Redrock Canyon Grill
Solid Pours With a Sunset View
Utica Square · Tulsa · American with Southwest flair · Visit Website ↗
Reviewed April 1, 2026
Wingman Metrics
First Impression
The wine list at Redrock Canyon Grill does exactly what it needs to do: it doesn't embarrass itself. Fifty-plus labels, a decent spread across California, France, Italy, and New Zealand, and prices that won't make you do a double-take. For a casual Southwest-leaning grill in Tulsa, this is a wine list that's actually trying.
Selection Deep Dive
The list leans predictably California-heavy — Quilt and Caymus hold down the Napa Cab corner for the crowd that wants a big, familiar red — but there are some genuine bright spots if you look past the obvious. The French presence is modest but respectable: Château de Ségriès Côtes-du-Rhône Rouge is a solid Grenache-driven pick, and the HB Rosé from Les Costières de Pomérols brings a legit Languedoc-Roussillon bottle to a menu that could easily have phoned it in with a Whispering Angel. Oregon and New Zealand get a seat at the table, and the Babich Sauvignon Blanc from Marlborough is a reliable crowd-pleaser. The gap is in depth — no real exploration of single-vineyard or grower-producer territory, and the list doesn't evolve much beyond accessible, brand-recognizable names.
By the Glass
Eighteen by-the-glass options is genuinely generous for this format, and the price spread from $8 to $27 means there's something for every comfort level. The Lunetta Prosecco and Vigneto Moscato d'Asti give the list a lighter, approachable entry point, while the glass program covers enough ground to not feel like a coin flip.
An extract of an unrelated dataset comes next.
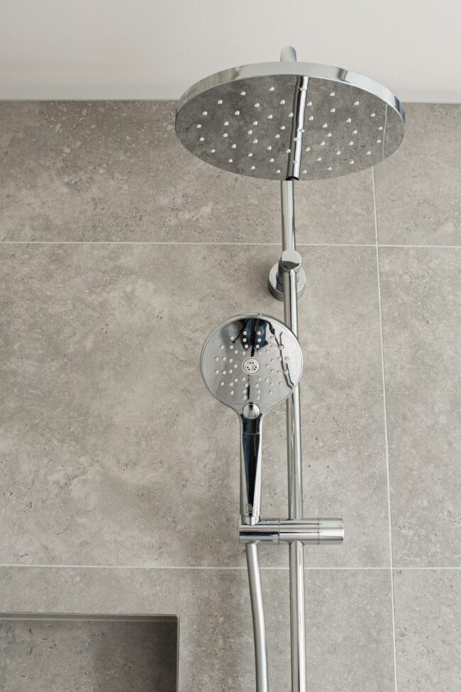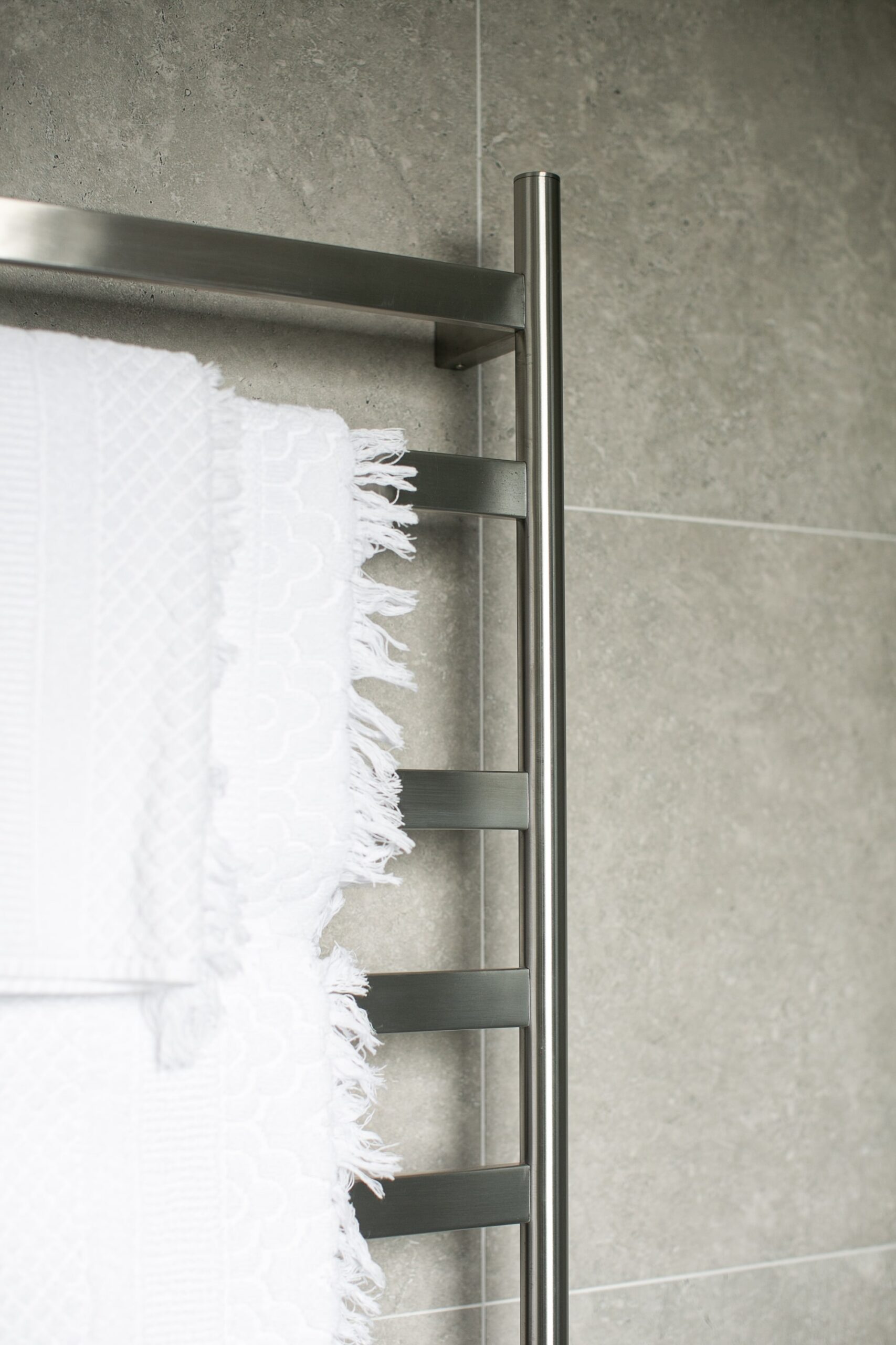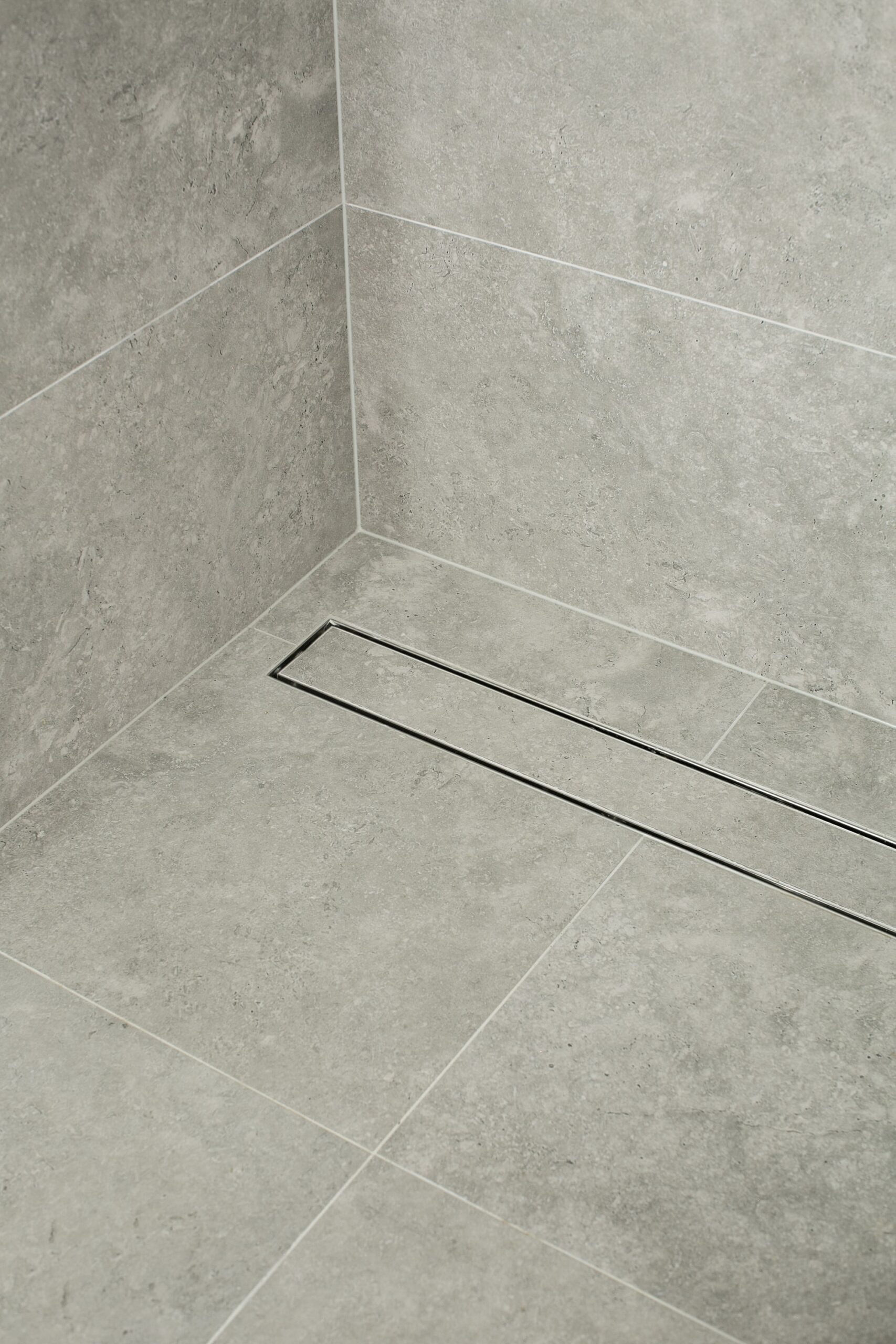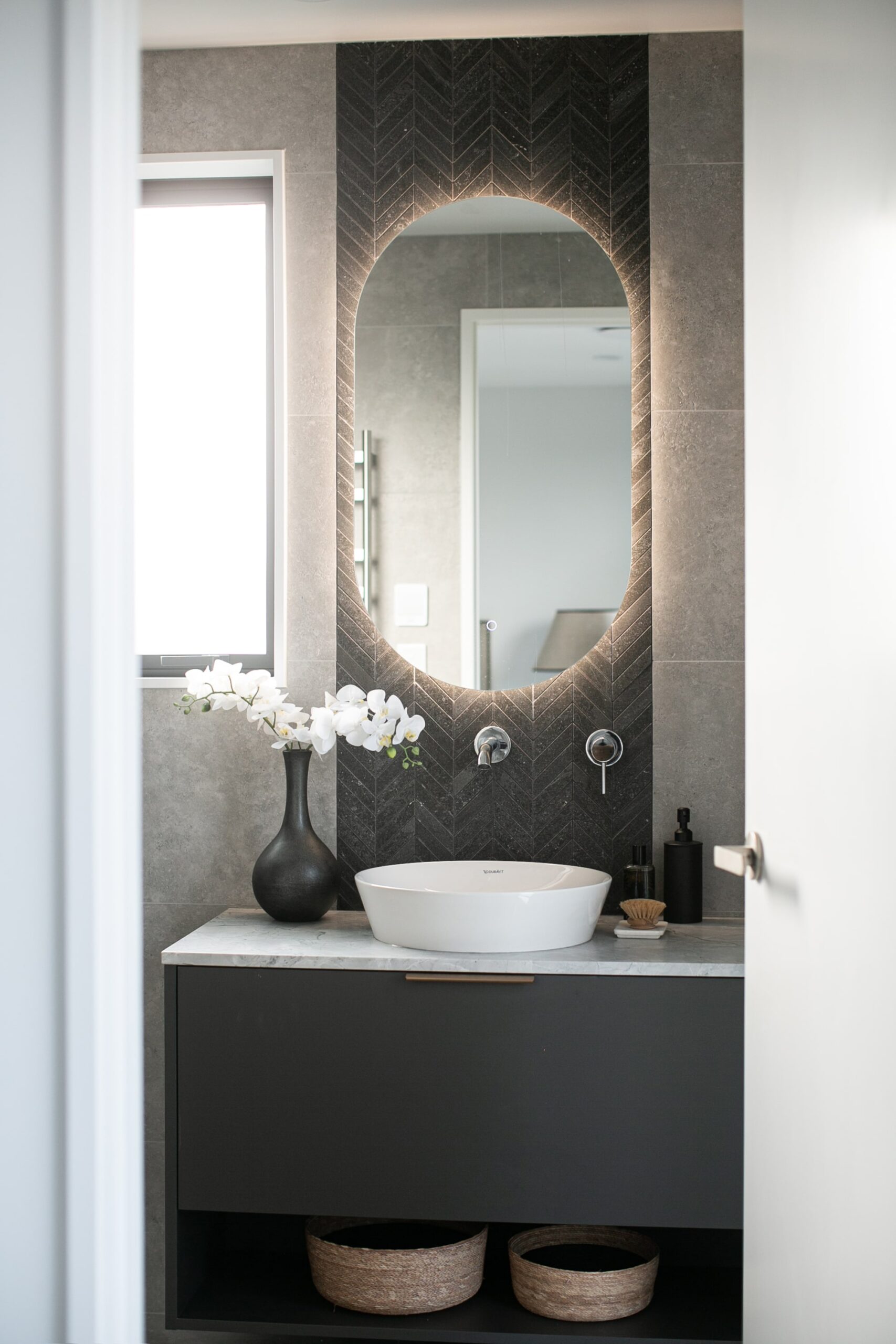 This bathroom is designed as a space of quiet indulgence, where sleek modern lines meet a touch of dramatic contrast. The overall palette is calm and refined, anchored by large-format grey tiles that set a soft, understated tone. Against this backdrop, the feature wall becomes a focal point—its dark chevron tile pattern adding depth, movement, and a subtle sense of luxury to the room.

Rotation appears minimal — this reads like a list that gets set and stays put.
HB Rosé Les Costières de Pomérols — $12
A French rosé retailing around $15 that you're getting for $12 a glass — that's barely above cost and a genuinely well-made Southern France rosé. Order it without overthinking it.
Château de Ségriès Côtes-du-Rhône Rouge
Most people at this table are scanning for Caymus, but the Ségriès is the smarter move — classic Rhône structure, Grenache-forward, and a fraction of the price. It's the kind of bottle that makes you look like you know what you're doing.
Caymus, Napa Valley, CA
Caymus is everywhere, costs a lot, and at $127 (presumably at the top of the bottle range) you're paying heavily for a name that's become more marketing than magic. The Ségriès or even the Quilt will serve you better for the money here.
Château de Ségriès Côtes-du-Rhône Rouge + Bone-in Pork Chops
Rhône Grenache has a natural affinity for roasted, fire-kissed pork — the herbal undertones and medium tannin cut through the fat without steamrolling the meat. It's a no-drama pairing that actually makes both better.
✔️ The Bottom Line
Redrock Canyon Grill isn't a wine destination, but it's a wine-respecting restaurant — and in Tulsa, that counts for something. The markup is surprisingly fair, the glass selection is broad, and if you know where to look on the list, you'll drink well without a second thought.